3) Risk Management: Both regions employ a risk-based approach, but the EU explicitly categorizes AI systems by risk level with specific regulatory implications.

US Approach

  • Decentralized and Sector-Specific: Regulation is highly distributed across various federal agencies, with a focus on adapting existing legal frameworks to AI.
  • Risk-Based Approach: Emphasizes a risk management strategy that is tailored to the specific needs and challenges of different sectors.
  • Voluntary Guidelines: Relies more on nonbinding guidance and frameworks, such as the AI Risk Management Framework by NIST and the Blueprint for an AI Bill of Rights.
  • State-Level Initiatives: Significant variation in AI regulation at the state level, with states like California, Connecticut, New York and Vermont introducing their own legislation.

EU Approach

  • Centralized and Comprehensive: Proposes a unified regulatory framework for AI, highlighted by the AI Act, which aims to create a harmonized set of rules across member states.
  • Risk Categorization: Classifies AI systems into four risk categories (Unacceptable, High, Limited, Minimal) with corresponding regulatory requirements.
  • Mandatory Requirements: Introduces binding legal requirements for high-risk AI systems, focusing on transparency, accountability, and data governance.
  • Cross-Border Impact: Regulations designed to apply uniformly across all EU member states, facilitating a single market for AI products and services.
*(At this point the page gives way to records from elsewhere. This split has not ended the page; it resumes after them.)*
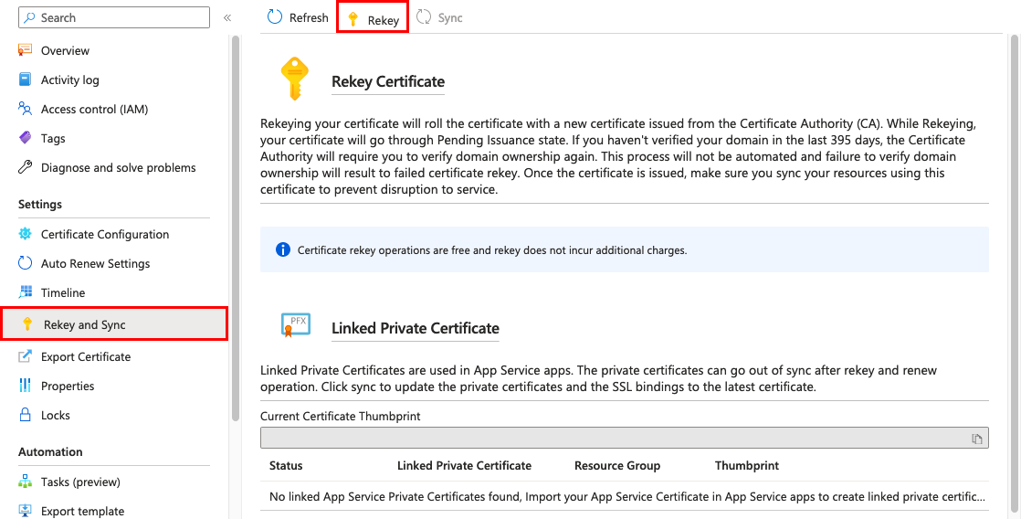 On the App Service Certificates page, select the certificate. On the left pane, select Rekey and Sync.
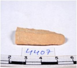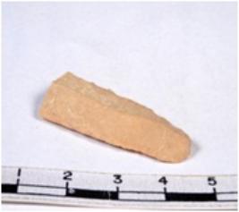 | Description / विवरण | A fragment of a rectangular shaped chert blade showing parallel sides with sharp edges having smooth surface and uneven section. |
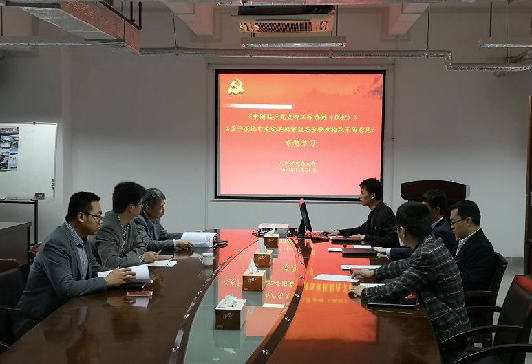 12月24日,广州分所支部组织全体支部党员集中学习了《中国共产党支部工作条例(试行)》、《关于深化中央纪委国家监委派驻机构改革的意见》专题学习。支部书记苑明哲主持会议。
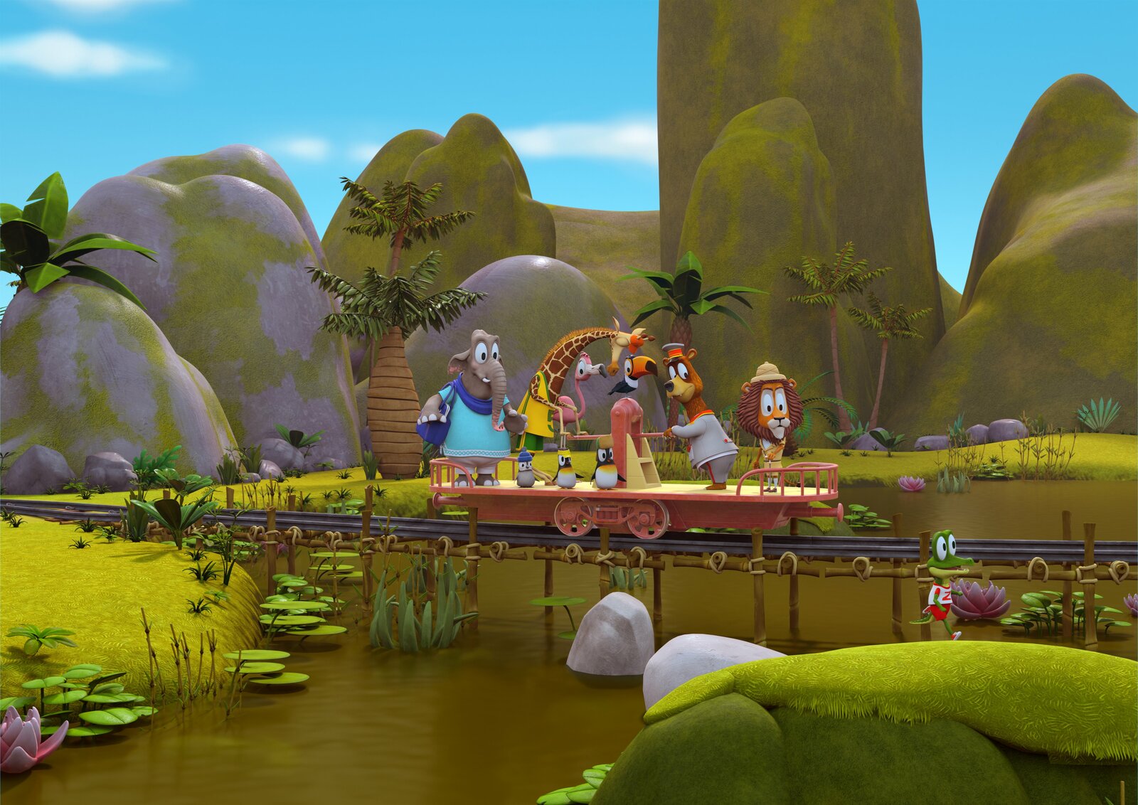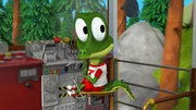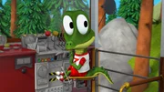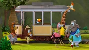 Die VerfolgungsjagdZacki, das Krokodil, ist verzweifelt, die Bahn hat sich selbständig gemacht und ist ohne die Tiere einfach davon gefahren. Nun verfolgen sie die verrückt gewordene Bahn: Zacki läuft vorneweg und die Freunde kommen auf der Draisine nach.Bild: © ZDF/Grid Animation, TELEGAEL

Given the EU AI Act is first out of the gate, it will likely have some influence on the Executive Order over time. As the US is developing its guidelines there will be a lot to learn from the EU’s pioneering first steps, and missteps. Regardless, insurance companies must conduct thorough impact assessments for their AI systems, ensuring compliance within the regulatory umbrella they are under. This includes revisiting AI strategies, data handling practices, and governance models to align with the new regulations.